In Brazil, professional journalism has been democratized through the strong tradition of alternative journalism in the form of community media, which are non-profit institutions with ‘the widespread participation of ordinary people in production, decision-making, and management ... designed to meet the interests of local communities - especially social, ethnic, sexual, or religious minorities’ (Bosch, Paiva and Malerba, 2018: 196). In India, working towards social change is part of the ethos of journalism, encoded in various journalistic codes of ethics.1 Indian journalists indicated that all qualities apart from honesty can be learned and developed in everyday practice, but the existential choice between honesty and dishonesty is one that everybody makes alone, and it is exactly this inner choice that shapes a person’s ethical values. Thus, Indian journalists considered technical skills, competence and knowledge of the subject and even independence as secondary.

For journalists of South Africa, the primary quality of the professional was independence, followed closely by being unbiased and uncorrupt in that order.This priority for independence in the value hierarchy of professionalism can be explained in the context of the relatively recent post-apartheid media freedoms, wherein the memory of the past is still acute in society and the profession, and where ‘local journalists safeguard their professional independence’ and believe ‘that there should never be a time when government can control access to either the Internet or political and entertainment content’ (Ndlovu, 2015: 124).

The journalists of China and Russia were similar in how they defined their priorities. At the top were the professional values of technical mastery, competence, erudition and knowledge of the subject. It appears then that these journalists’ understanding of the profession leaned towards the rational and administrative rather than the emotional. The moral qualities of honesty and sincerity, and being ethical in general and in the profession, were second for them to professional and technical skills. This hierarchy may be related to the structure of the field or the lingering effects of this structure, i.e., the status of journalism in society, one that is subordinated to political power and works on the whole as an appendage of the state machine at the four structural levels of media systems established since the Communist time: national, regional, city and local media. Freidson (1988) provided a similar assessment at least for Soviet professionals who, he indicated, did not have economic freedom or freedom from state ideology', but did have authority over technical expertise.

In all BRICS countries, except Russia, journalists included independence as a key quality of a professional. In today’s Russia, many journalists both agree with and acquiesce to the notion that the media serve either party/state interests or commercial interests and sometimes even serve state interests in private media, in the conditions of the post-Soviet quasi-media market and gradually tightening state control over the media, the Internet and civil society.

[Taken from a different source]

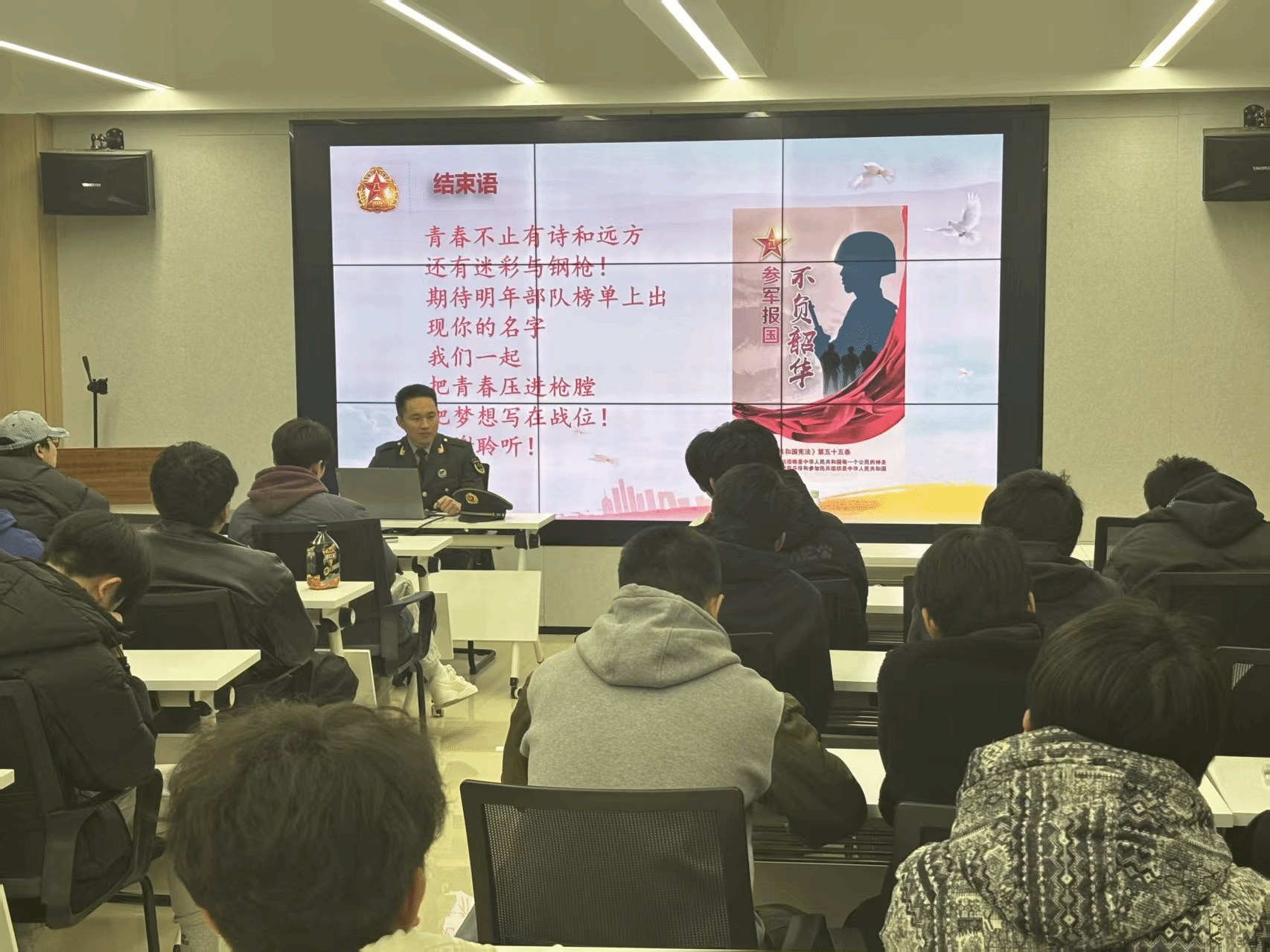 此次征兵专题讲座的开展,有效帮助同学们全面了解参军入伍政策与发展前景,进一步弘扬了爱国主义精神,为鼓励符合条件的青年学子投身国防事业、履行兵役义务奠定了良好基础。

For example, the Foreign Agent Law that came into force in 2012 resulted in the closure of many nongovernmental organizations and required them to refuse foreign funding under threat of closure. Since 2017, this law has also become applicable to the media. In the opinion of the Chairman of the Glasnost Defense Foundation, Alexei Simonov, ‘Today, Russian media are formed by two opposite vectors: on the one hand - a sense of their own dignity and on the other hand - money. [Media] where dignity wins [are decreasing]’. Simonov believed that only 10 to 15 per cent of the media have refused to resort to servility. For example, in Moscow this group included only Novaya Gazeta, radio EkhoMoskvy, Vedomosti and Kommersant (A. Simonov, personal communication, 19 October 2017).